** Task item **
Your output should be exactly the lines from the one containing "24日には、岩本象一の詩と音のライブ、ギャラリートークを開催。" through the last line of the listing, and nothing else. Pictures stay out.

** Dataset excerpt **

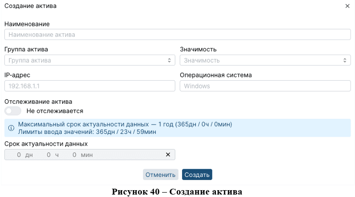 Следует обратить внимание, что в поле «Наименование» есть ограничение в 255 символов, в поле «Операционная система» ограничение в 50 символов, а в поле «IP-адрес» следует указывать данные в формате IPv4. В раскрывающемся списке «Значимость» необходимо выбрать уровень: высокая, средняя или низкая, а в раскрывающемся списке «Группа актива» – группу активов.
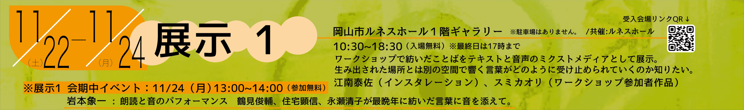 24日には、岩本象一の詩と音のライブ、ギャラリートークを開催。
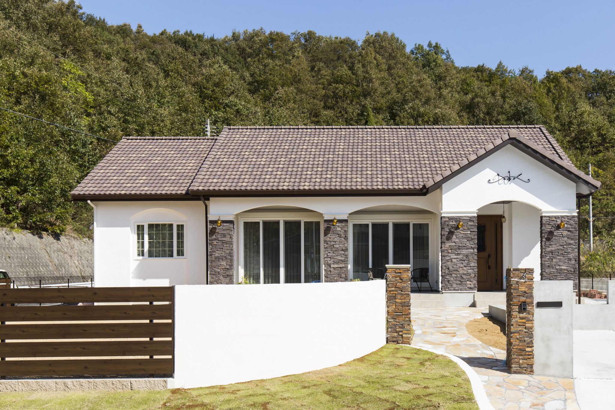 窓枠は通常と異なりアーチ状で柔らかな印象を与え、木製のドアと洋風の瓦屋根が統一感のある外観に仕上げています。
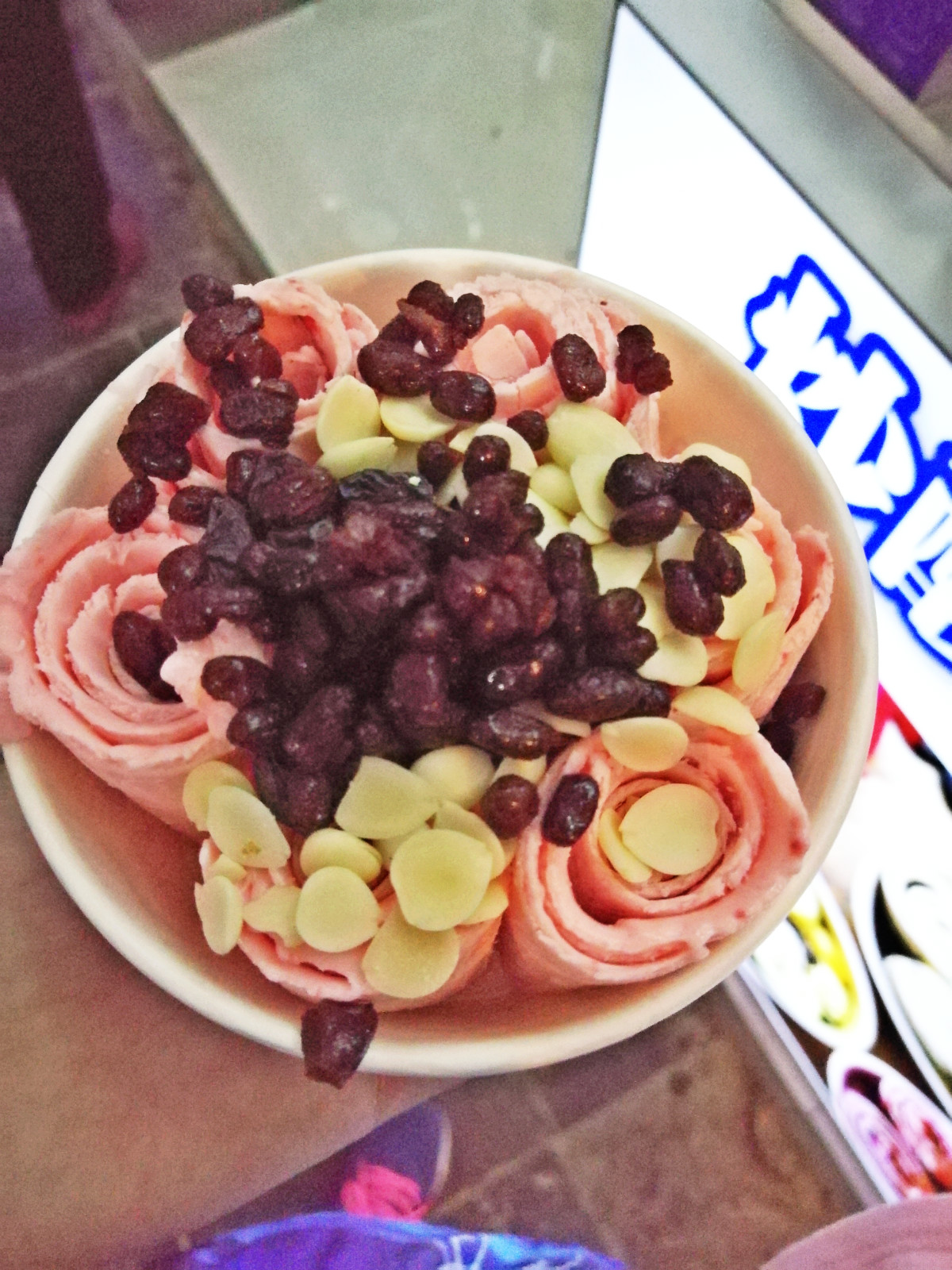 有一家花菲小镇卖各种花茶,我看到门口有免费品尝的奶油草莓,按克散售,味道很香。注意来回民街的时候一定要穿防滑的鞋子,因为两边的牛羊肉太多了,地上都是油,穿高跟鞋很容易滑倒。

** Response area **
 24日には、岩本象一の詩と音のライブ、ギャラリートークを開催。
 窓枠は通常と異なりアーチ状で柔らかな印象を与え、木製のドアと洋風の瓦屋根が統一感のある外観に仕上げています。
 有一家花菲小镇卖各种花茶,我看到门口有免费品尝的奶油草莓,按克散售,味道很香。注意来回民街的时候一定要穿防滑的鞋子,因为两边的牛羊肉太多了,地上都是油,穿高跟鞋很容易滑倒。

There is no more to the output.